Collected data entries
_ _ _

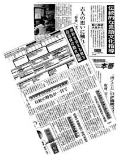
新学習指導要領実施に向けた移行措置が始まる
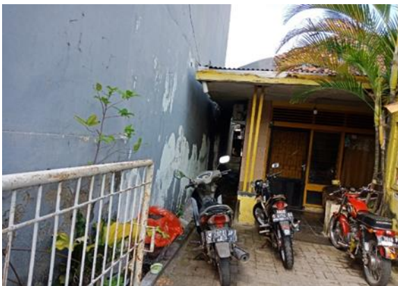
Jl Karanganyar II no 5
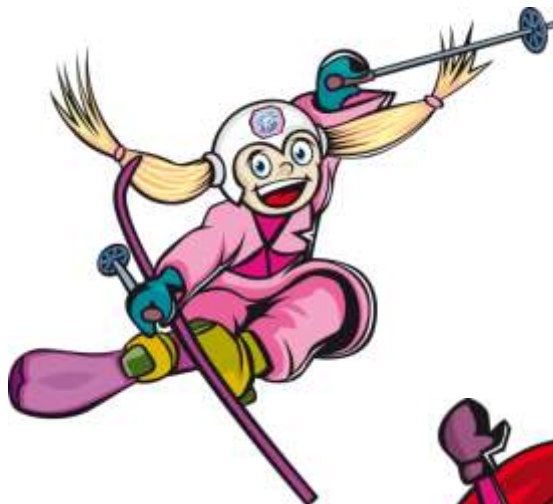
Пинти \ Pinty
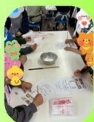
うどんクイズ! ちよっと難しい?
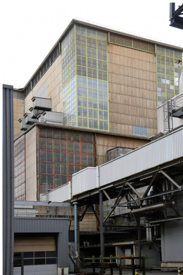
Kraftwerk Frimmersdorf II: Kesselhaus Block O, Ansicht von Nordwesten; Foto: 22.03.2023
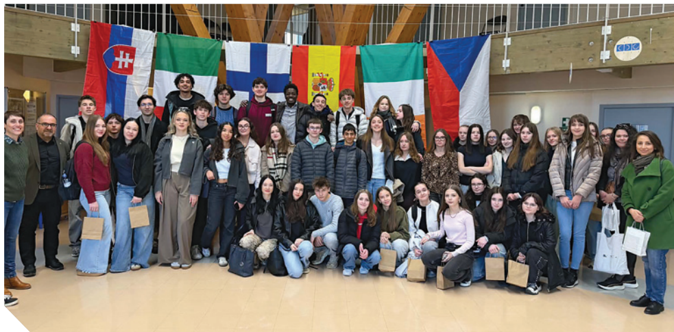
Účastníci výměnného pobytu
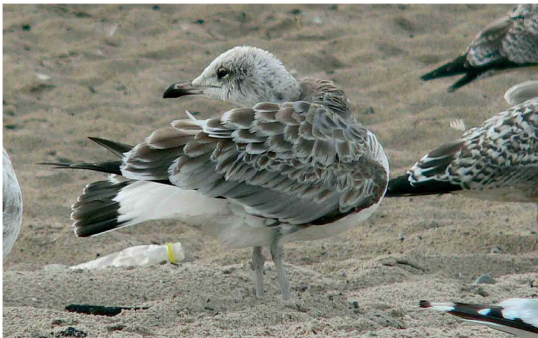
436 Pallas's Gull / Reuzenzwartkopmeeuw Larus ichthyaetus , first-year, Miedzyzdroje, Poland, 19 August 2006
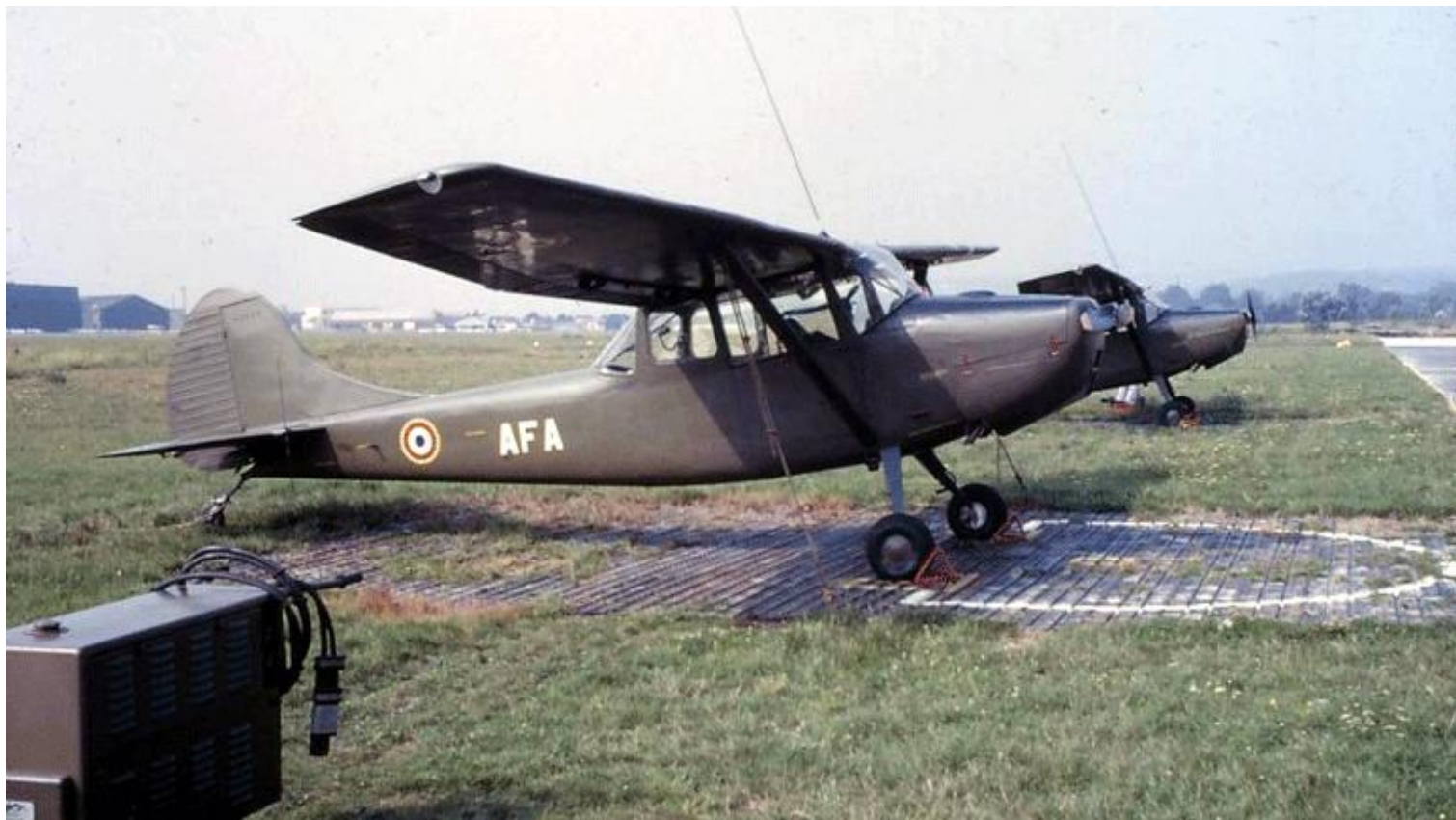
L-19E, codé AFA, du 1 er GALAT aux Mureaux (photo Jean-François Boyard).

_ _ _

▶ [Exercise]:
Please repeat the data verbatim and leave the pictures out of your copy.

▶ [Solution for this exercise]:
新学習指導要領実施に向けた移行措置が始まる
Jl Karanganyar II no 5
Пинти \ Pinty
うどんクイズ! ちよっと難しい?
Kraftwerk Frimmersdorf II: Kesselhaus Block O, Ansicht von Nordwesten; Foto: 22.03.2023
Účastníci výměnného pobytu
436 Pallas's Gull / Reuzenzwartkopmeeuw Larus ichthyaetus , first-year, Miedzyzdroje, Poland, 19 August 2006
L-19E, codé AFA, du 1 er GALAT aux Mureaux (photo Jean-François Boyard).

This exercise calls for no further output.